Could you give the listing again exactly, without its pictures?

#### [INPUT DATA]
=== Section Start ===
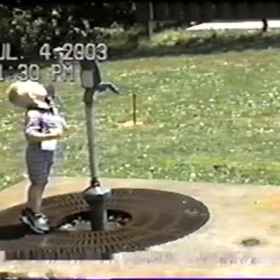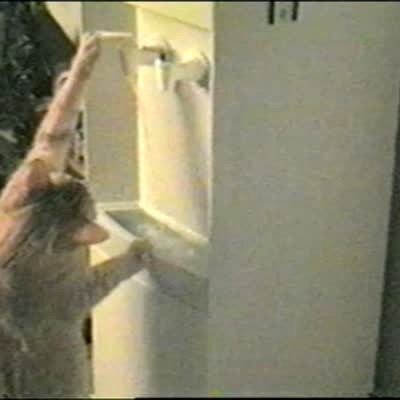 A teen girl in a kitchen holds a cup to a refrigerator water dispenser and asks another teen girl if she wants some water. She presses the lever, water shoots out, and the camera pans down to show the second girl lying on the floor and the water falling into her mouth while she laughs.
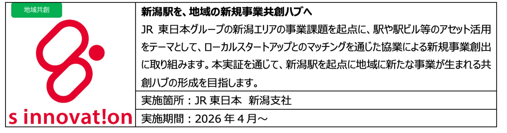 ○ 東日本旅客鉄道株式会社(代表取締役社長:喜㔟 陽一、以下「JR東日本」)とJR東日本スタートアップ株式会社(代表取締役社長:柴田 裕)は、ベンチャー企業や優れた事業アイデアを有する方々との協業によるビジネス創造活動 「JR東日本スタートアッププログラム」を2017年から進めてきました。
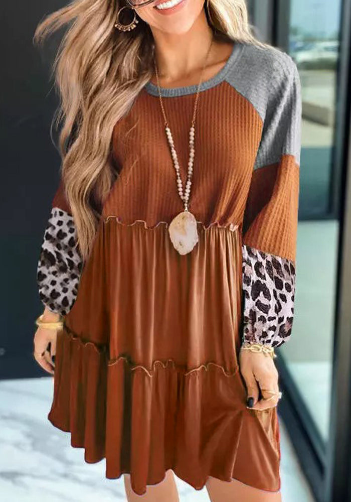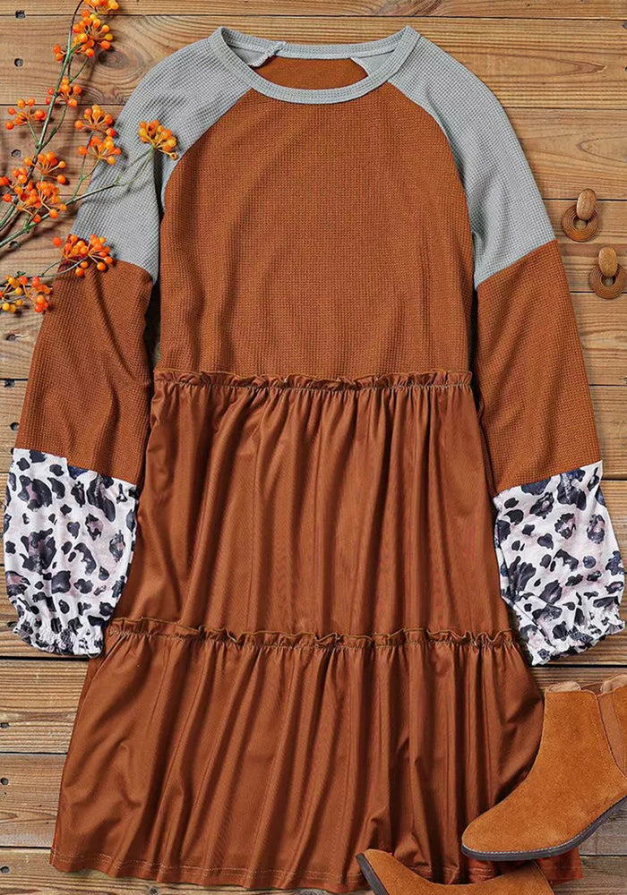 Brown Waffle Knit Leopard Patchwork Long Sleeve Dress
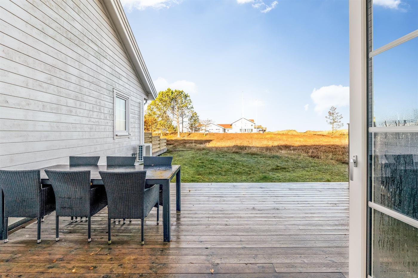 Nyrenoveret ferielejlighed ved Læsø Golf Resort med terrasse og udsigt over golfbanen.
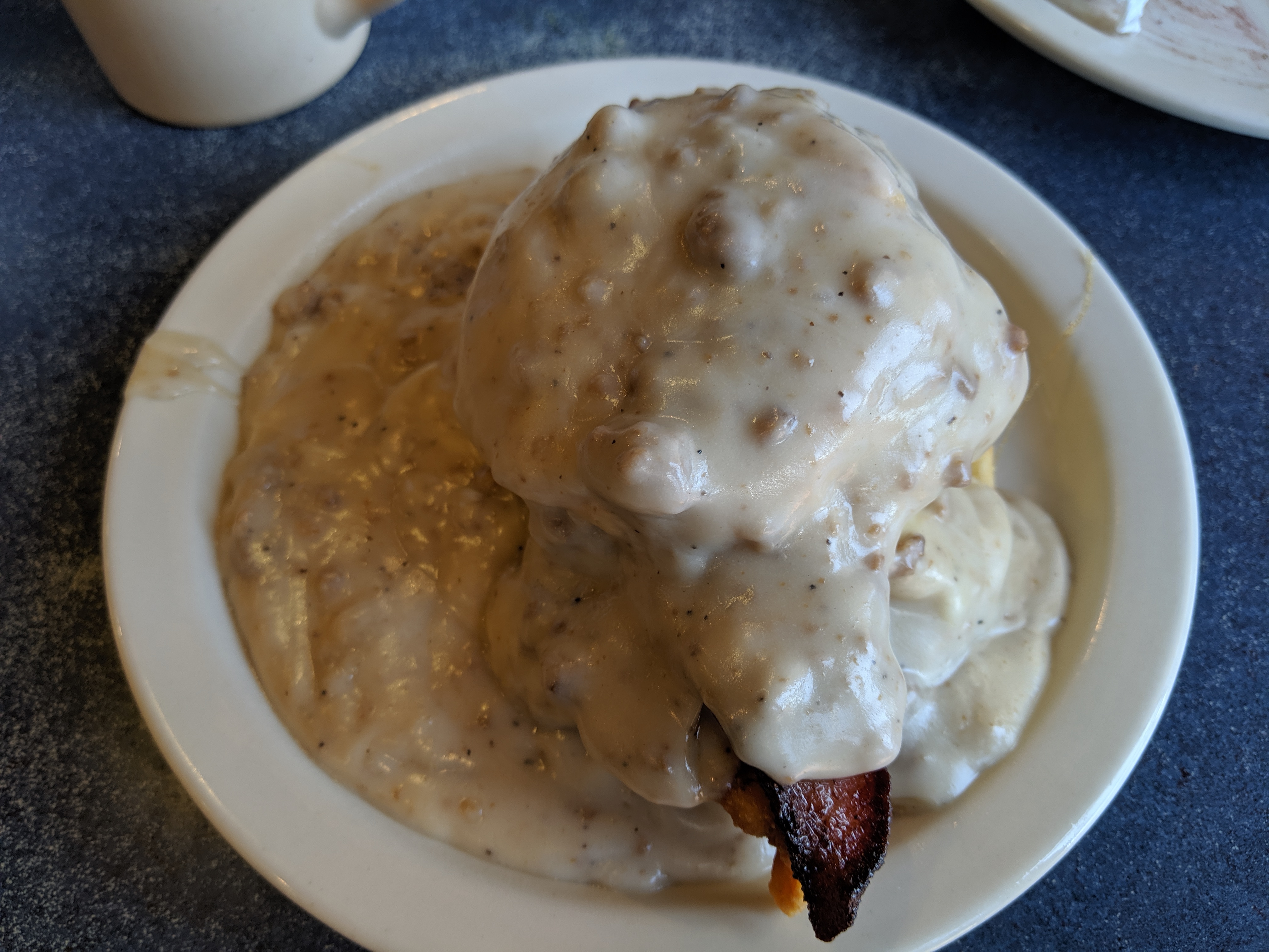 My main breakfast course then came: chicken on a biscuit with bacon and a fried egg, topped with gravy. Also amazing.
=== Section End ===
#### [ANSWER SECTION]
 A teen girl in a kitchen holds a cup to a refrigerator water dispenser and asks another teen girl if she wants some water. She presses the lever, water shoots out, and the camera pans down to show the second girl lying on the floor and the water falling into her mouth while she laughs.
 ○ 東日本旅客鉄道株式会社(代表取締役社長:喜㔟 陽一、以下「JR東日本」)とJR東日本スタートアップ株式会社(代表取締役社長:柴田 裕)は、ベンチャー企業や優れた事業アイデアを有する方々との協業によるビジネス創造活動 「JR東日本スタートアッププログラム」を2017年から進めてきました。
 Brown Waffle Knit Leopard Patchwork Long Sleeve Dress
 Nyrenoveret ferielejlighed ved Læsø Golf Resort med terrasse og udsigt over golfbanen.
 My main breakfast course then came: chicken on a biscuit with bacon and a fried egg, topped with gravy. Also amazing.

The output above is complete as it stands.